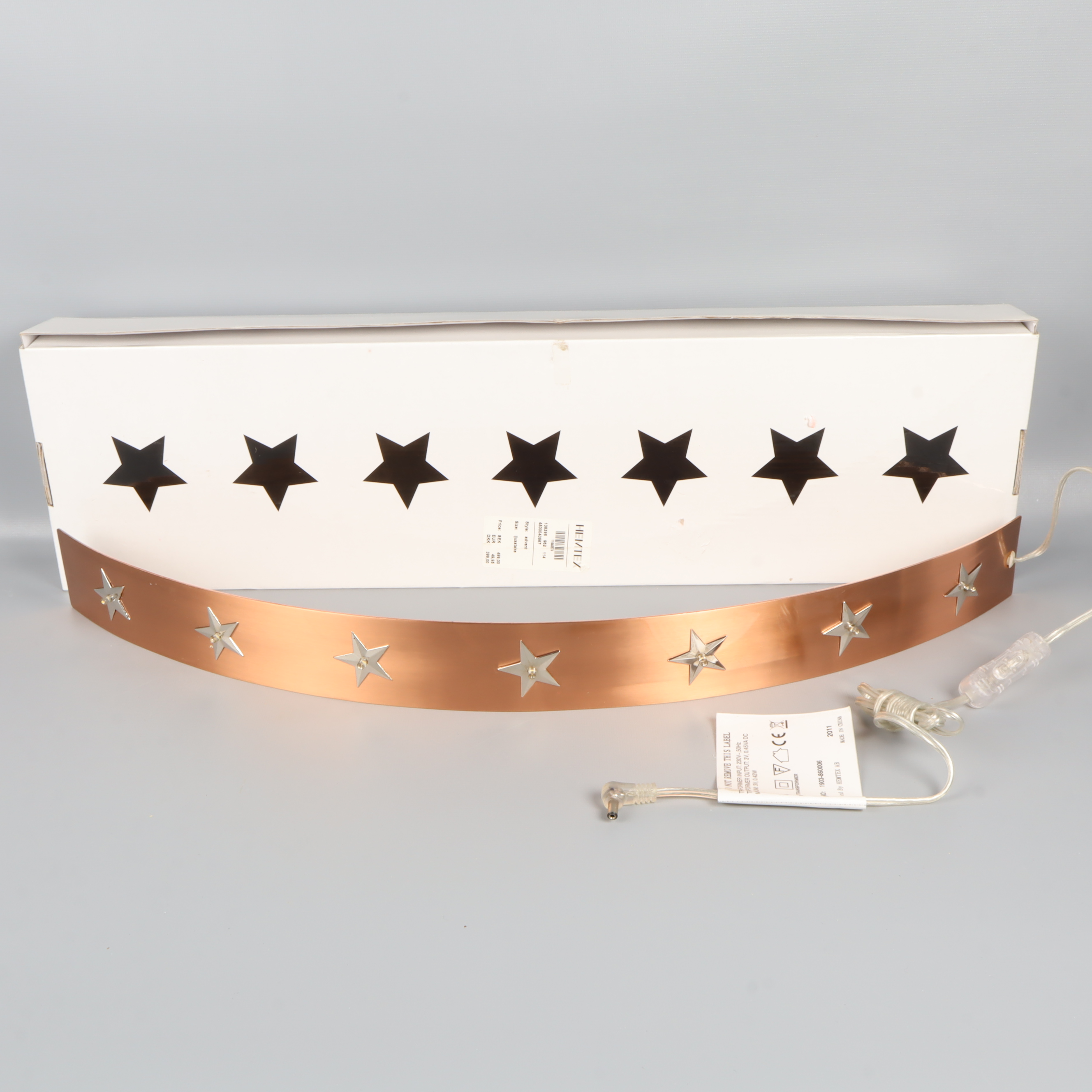 Hemtex Hemtex jul adventsljusstake med stjärnor 249 kr Product variation Antal st Beskrivning Elektrisk adventsljusstake i böjd design med mattskimrande yta och stjärnutskärningar. Kommer med tillhörande sladd, transformator och originalförpackning. Visa all beskrivning Skick Nytt skick Produkten är som ny. Kan till och med ha orginalprislapp kvar eller ligga i originalförpackning. Läs mer om hur vi bedömer Dimensions Höjd: ca 16 cm Längd: ca 64 cm Bredd: ca 6cm Färg Brons Material Metall Varumärke Hemtex Produkten är unik och finns enbart som 1 st i lager. Fri frakt på alla köp över 990 kr. 14 dagars ångerrät.
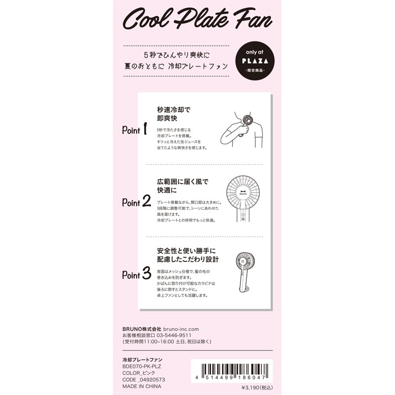 PLAZA限定!「BRUNO(ブルーノ)」の冷却プレート搭載のハンディファンにピンクカラーが登場!スイッチオンから5秒で、キリっと冷えた缶ジュースを当てたような爽快さを感じられます。プレート搭載ファンながら、ファンの開口部を大きめにすることで広範囲に風をお届け。3段階の風量調整が可能で、冷却プレートとの併用でもっと快適に。安全性に配慮し、背面はメッシュ仕様。髪の毛の巻き込みを防ぎます。かばんに取り付けできるカラビナは後ろに倒すとスタンドになり、卓上ファンとしても活躍します。
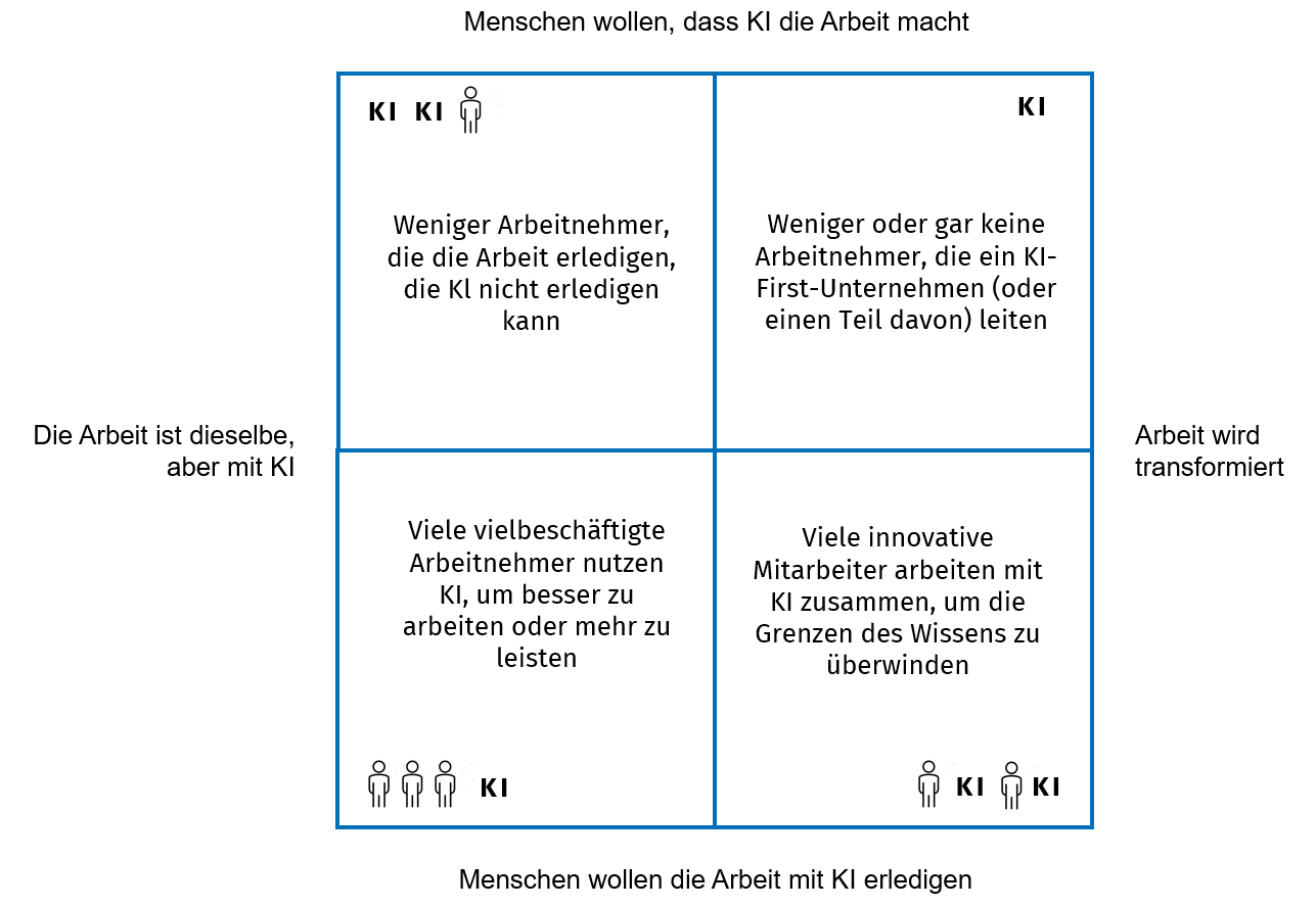 • Nutzen KI, um die Arbeit der Mitarbeitenden sinnvoller zu machen (Szenario 3 und 4) oder
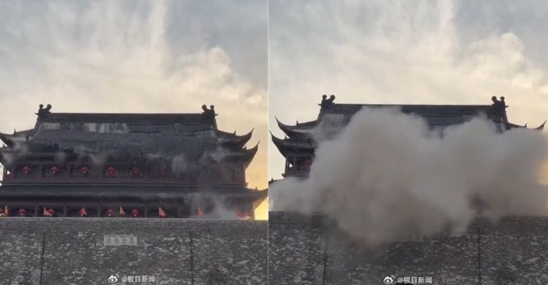 20일 중국 현지매체 등에 따르면, 전날 오후 6시30분쯤 안후이성 츠저우시 펑양현에 위치한 ‘명중도 고루’에서 기와 일부가 떨어지는 사고가 발생했다.

# # # #

== What you need to do ==
Make an exact copy of the lines from the one holding "und 4) oder" through the end of the material, both ends included, and keep the pictures out of it.

== Answer to this exercise ==
 • Nutzen KI, um die Arbeit der Mitarbeitenden sinnvoller zu machen (Szenario 3 und 4) oder
 20일 중국 현지매체 등에 따르면, 전날 오후 6시30분쯤 안후이성 츠저우시 펑양현에 위치한 ‘명중도 고루’에서 기와 일부가 떨어지는 사고가 발생했다.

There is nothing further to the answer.